Степушка, молчаливый, с зачугуневшим лицом, сел, как идол, подогнув калачиком ноги, но в опущенных губах, во всей сутулости спины виделось такое страдание и грусть, что Саня невольно сбавил ернический тон и зажалел брата:
— Ну брось ты, ерш-скобаревич. Давай для сугреву трахнем, — щелкнул ногтем по толстой бутылке. — И по домам, а? Как находишь?.. Там Любка пожалеет.

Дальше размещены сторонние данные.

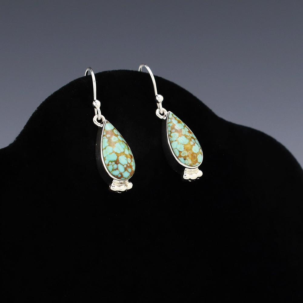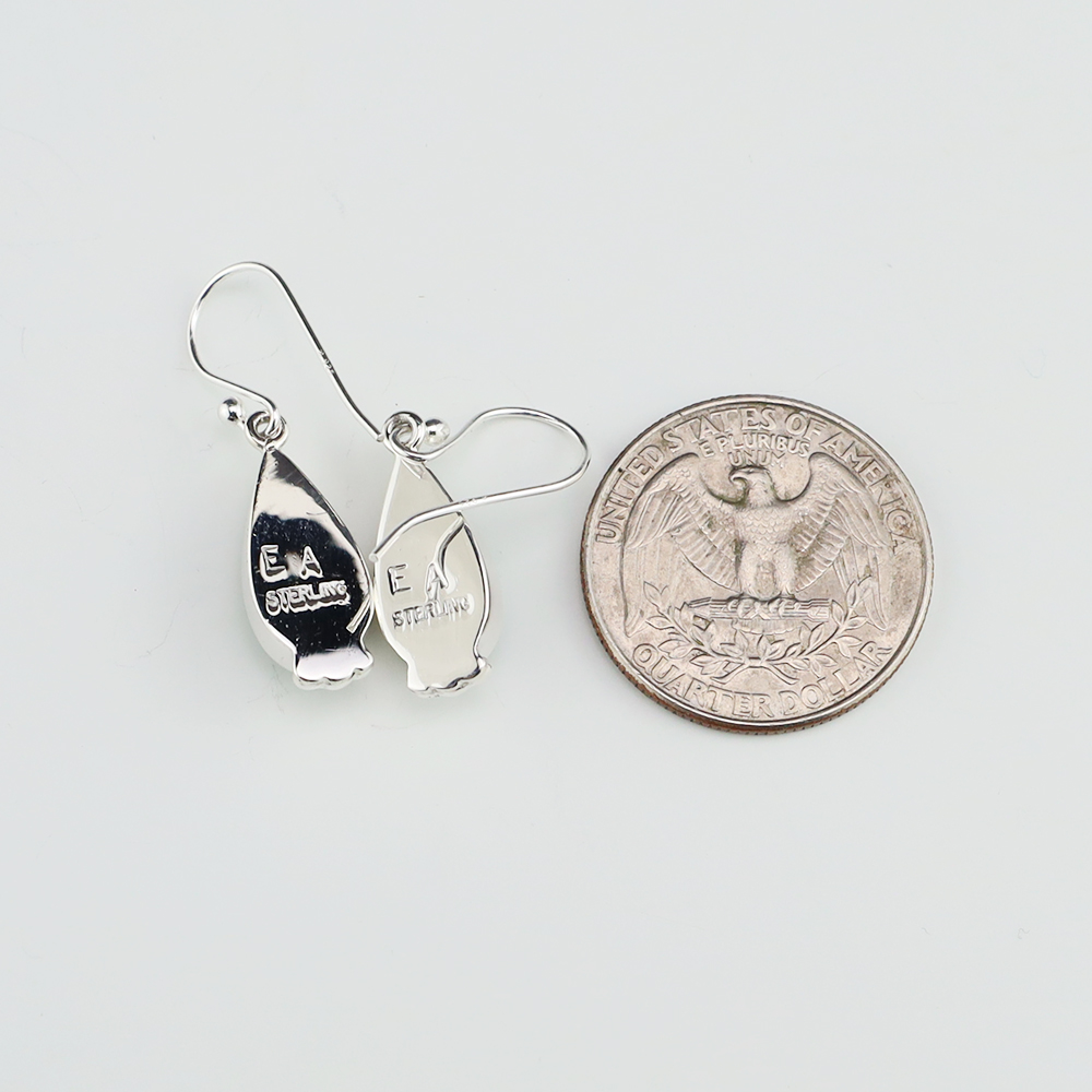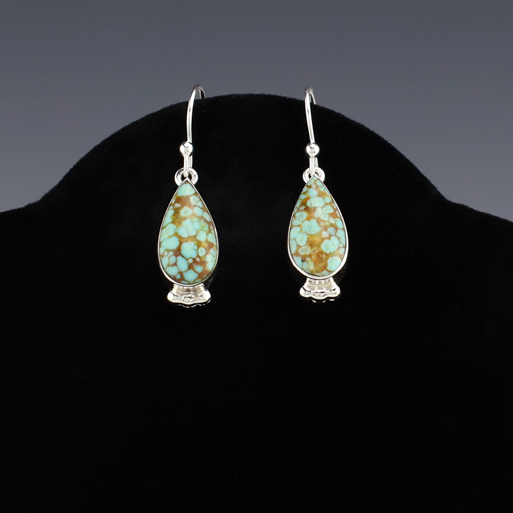 Gorgeous dangle earrings made out of sterling silver and set with Turquoise stones. Hand made by Navajo artist Erma Arviso. These fabulous earrings will become a versatile accessory in your jewelry collection. Weighs 4 grams. Signed

Тут за поворотом неожиданно загундосил комарик, сначала едва слышно просочился его голосишко, беспомощно проткнул настоявшийся сыростью воздух и захлебнулся тут же, но вот гуд как-то сразу стал гуще и толще, выстелился над водой, еще пустынной и завитой, и вдруг забасил мужиковато и натужно, когда лодку вынесло из-за ближнего мыска.
— Кого-то черт несет? — стал угадывать Саня, не столько из собственного интереса, сколько из желания растормошить Степушку. — Стражнику бы — так не время. Как ты думать? Еще не очухался, поди, сопит в две дырочки. Работнички, слышь, Степка? С работы таких в три шеи… Только и знает белую коровку доить. Эй-эй! — Завопил вдруг, бархатной кепкой крутнул над головой, в простуженный крик подпустил жалостной слезы. — Братцы, помогите пропащему человеку!.. — И тут же хитренько добавил, не оборачиваясь к Степушке: — Думаешь, без рыбы идут? Черта с два… И чего он крутит, сексот поганый.
С лодки их заметили сразу, но, однако, приворачивать не спешили — знать, опасались чего, тянули волынку, седок на корме егозил и что-то кричал, а после, решившись, все-таки приглушил мотор: посудинка сразу огрузла, вода зашипела, отваливаясь от бортовин, и седые усы за винтом опали. А Саня примерился несколько раз, уже забыв про Степушку, и бутыль синего стекла загородил ногою; в роль вошел человек, душа загорелась, даже в потную дрожь бросило — так захотелось облукавить ближнего, обвести вокруг пальца.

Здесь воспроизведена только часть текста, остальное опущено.